NOW THEREFORE, in consideration of the foregoing and for other good and valuable consideration, the receipt of which is hereby acknowledged, the parties mutually covenant and agree for the equal and ratable benefit of the Holders of the Notes as follows:
1. Capitalized Terms. Capitalized terms used herein without definition shall have the meanings assigned to them in the Indenture.

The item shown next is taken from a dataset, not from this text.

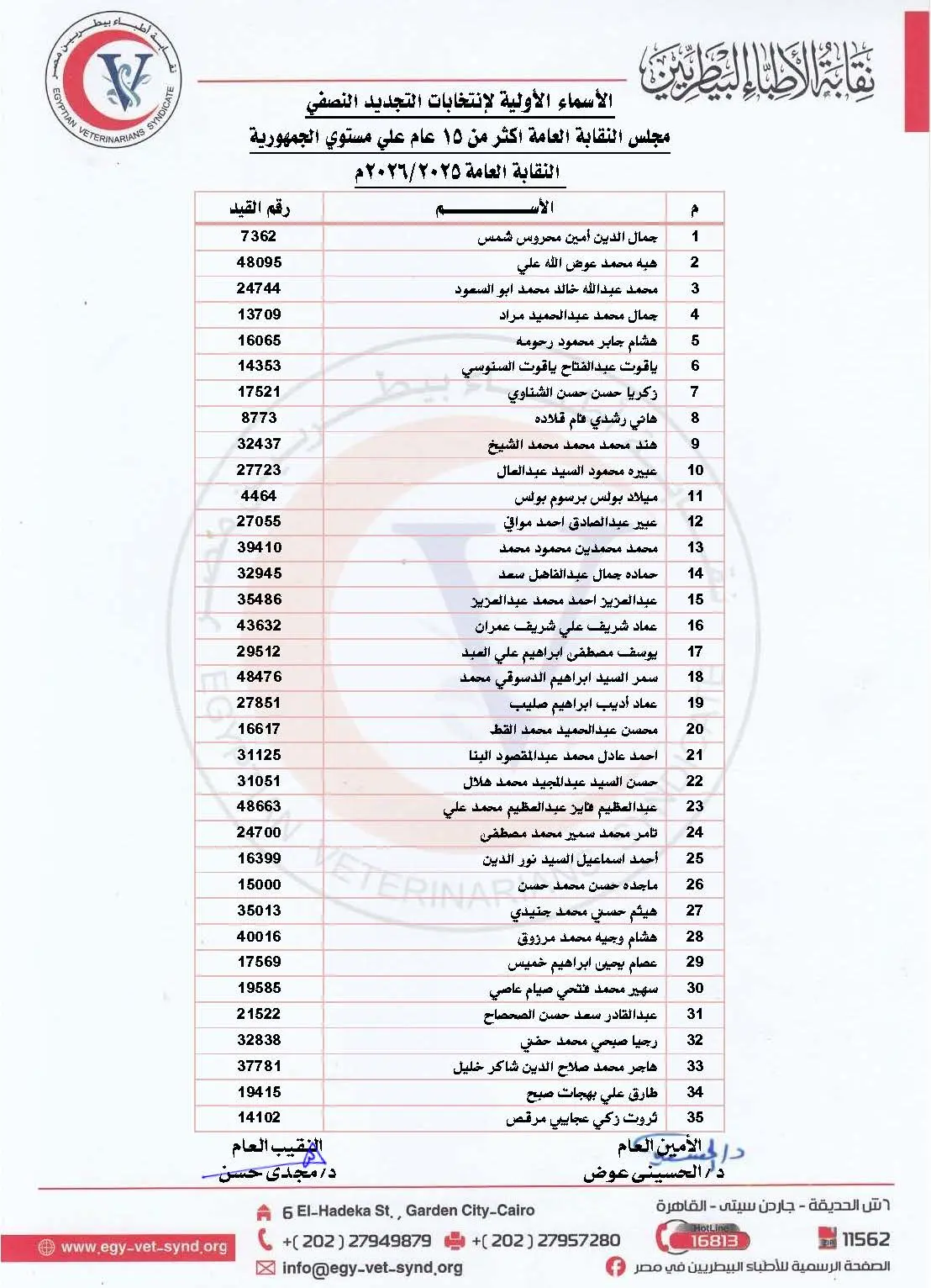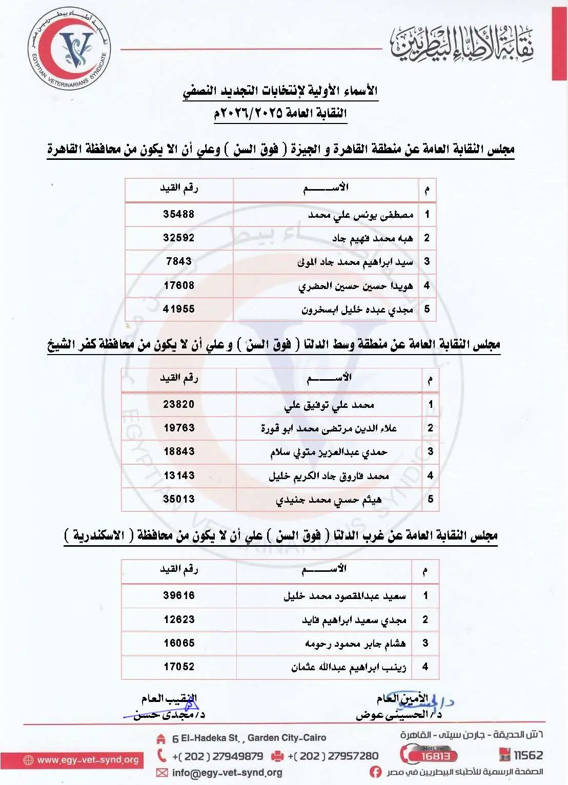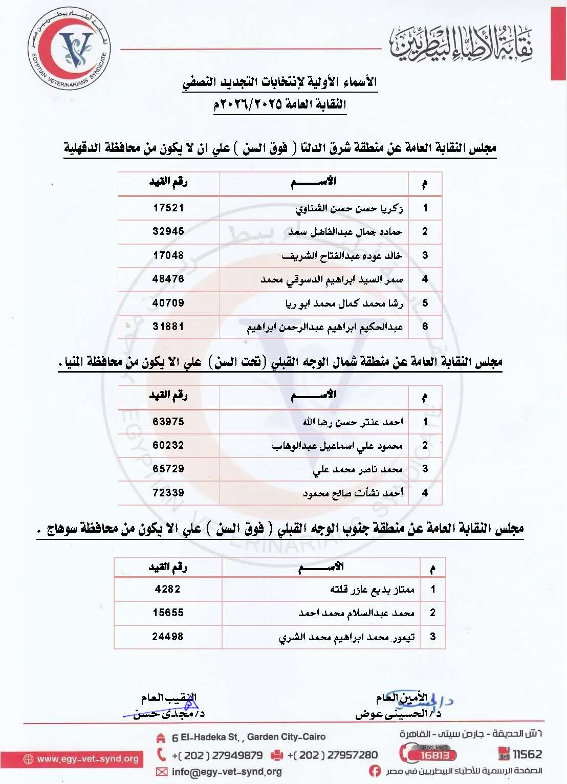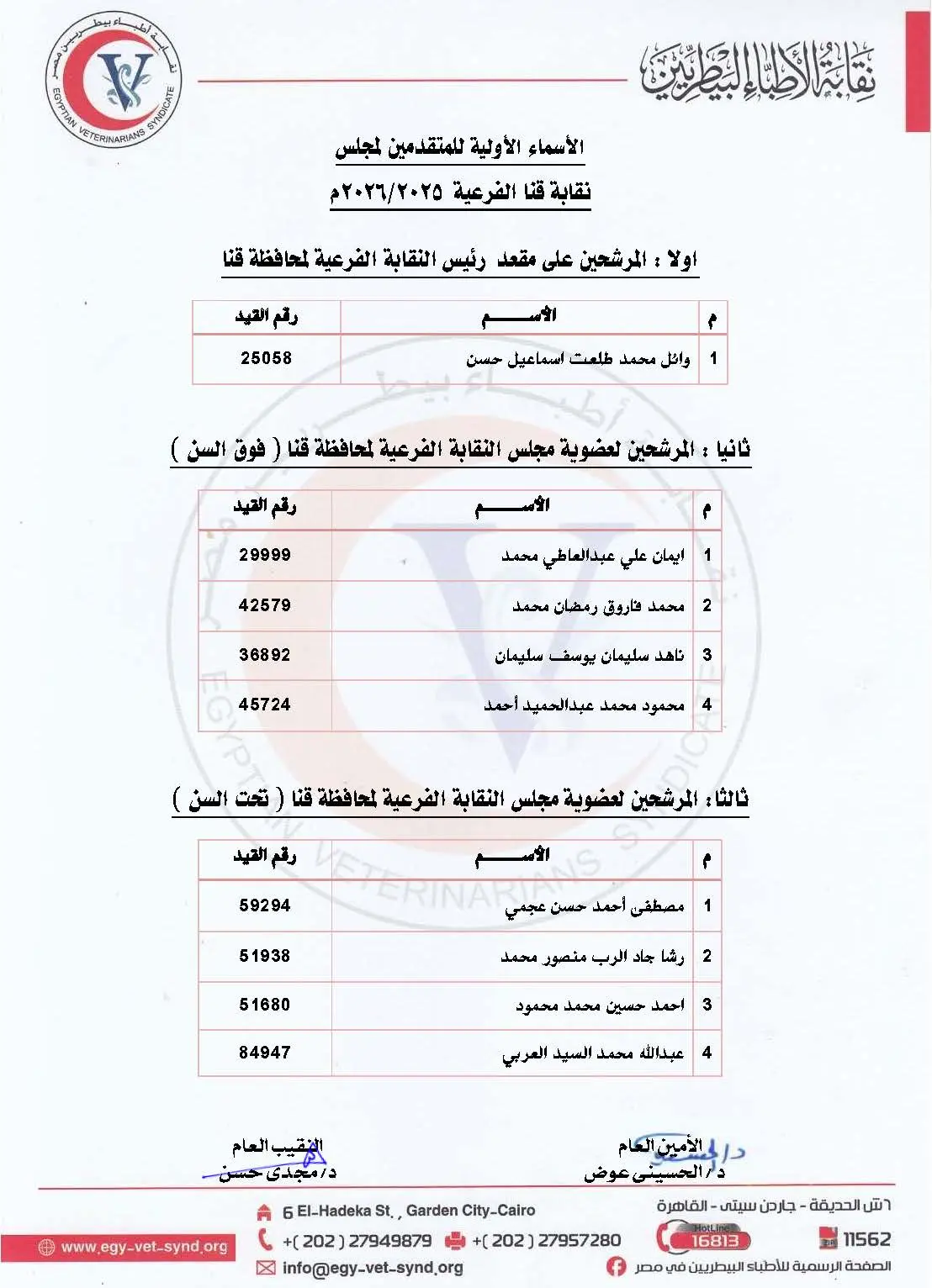 تعلن النقابة العامة للأطباء البيطريين عن الكشوف الأولية للمرشحين بانتخابات التجديد النصفي للنقابة العامة للأطباء البيطريين ومجلس النقابة الفرعية بقنا.

2. Amendment to the Indenture. Section 802 of the Indenture is amended by deleting the third paragraph of Section 802 in its entirety and inserting in lieu thereof the following text:
“Notwithstanding anything to the contrary in Sections 801 or 802 of the Indenture:
(a) any Restricted Subsidiary (other than the Issuer) may consolidate, amalgamate with, merge into or transfer all or part of its properties and assets to the Issuer or any Guarantor;
(b) the Issuer, the Co-Issuer or any Guarantor may merge or amalgamate with an Affiliate of the Issuer solely for the purpose of reincorporating the Issuer, the Co-Issuer or such Guarantor in another jurisdiction of the United States or Canada so long as
the amount of Indebtedness of Holdings and the Restricted Subsidiaries is not increased thereby; and
(c) Holdings, Telesat Interco, Inc. and/or the Issuer may combine (whether by consolidation, amalgamation, merger or otherwise) if the beneficial owners of Holdings’ Voting Stock and the resulting or continuing entity’s Voting Stock are the persons set forth in clauses (i), (ii), (iii), (x) (as it relates to clause (i), (ii) or (iii)), or (xi) of the definition of “Permitted Holders” and the aggregate principal amount of Indebtedness of the resulting or continuing entity is no greater than that of the Issuer immediately prior thereto or is permitted to be incurred under Section 1011.”
3. Governing Law. This Supplemental Indenture will be governed by and construed in accordance with the laws of the State of New York.
4. Full Force and Effect. Except as expressly amended hereby, the Indenture is in all respects ratified and confirmed and all the terms, conditions and provisions thereof shall remain in full force and effect. Upon the execution and delivery of this Supplemental Indenture by the Co-Issuers and the Trustee, this Supplemental Indenture shall form a part of the Indenture for all purposes, and the Co-Issuers, the Guarantors, the Trustee and every Holder of Notes heretofore or hereafter authenticated and delivered shall be bound hereby. Any and all references to the Indenture, whether within the Indenture or in any notice, certificate or other instrument or document, shall be deemed to include a reference to this Supplemental Indenture (whether or not made), unless the context shall otherwise require.
5. Benefits of Supplemental Indenture. Nothing in this Supplemental Indenture, express or implied, shall give to any Person other than the parties hereto and their successors hereunder and the Holders of the Notes, any benefit of any legal or equitable right, remedy or claim under the Indenture, this Supplemental Indenture or the Notes.
6. The Trustee. The Trustee shall not be responsible in any manner for or in respect of the validity or sufficiency of this Supplemental Indenture or for or in respect of the recitals contained herein, all of which are made by the Co-Issuers.
7. Counterparts. The parties may sign any number of copies of this Supplemental Indenture. Each signed copy shall be an original, but all of them together represent the same agreement.
8. Effect of Headings. The Section headings herein are for convenience only and shall not affect the construction hereof.
9. Separability. If any provision in this Supplemental Indenture shall be invalid, illegal or unenforceable, the validity, legality or enforceability of the remaining provisions of this Supplemental Indenture or the Indenture shall not in any way be affected or impaired thereby.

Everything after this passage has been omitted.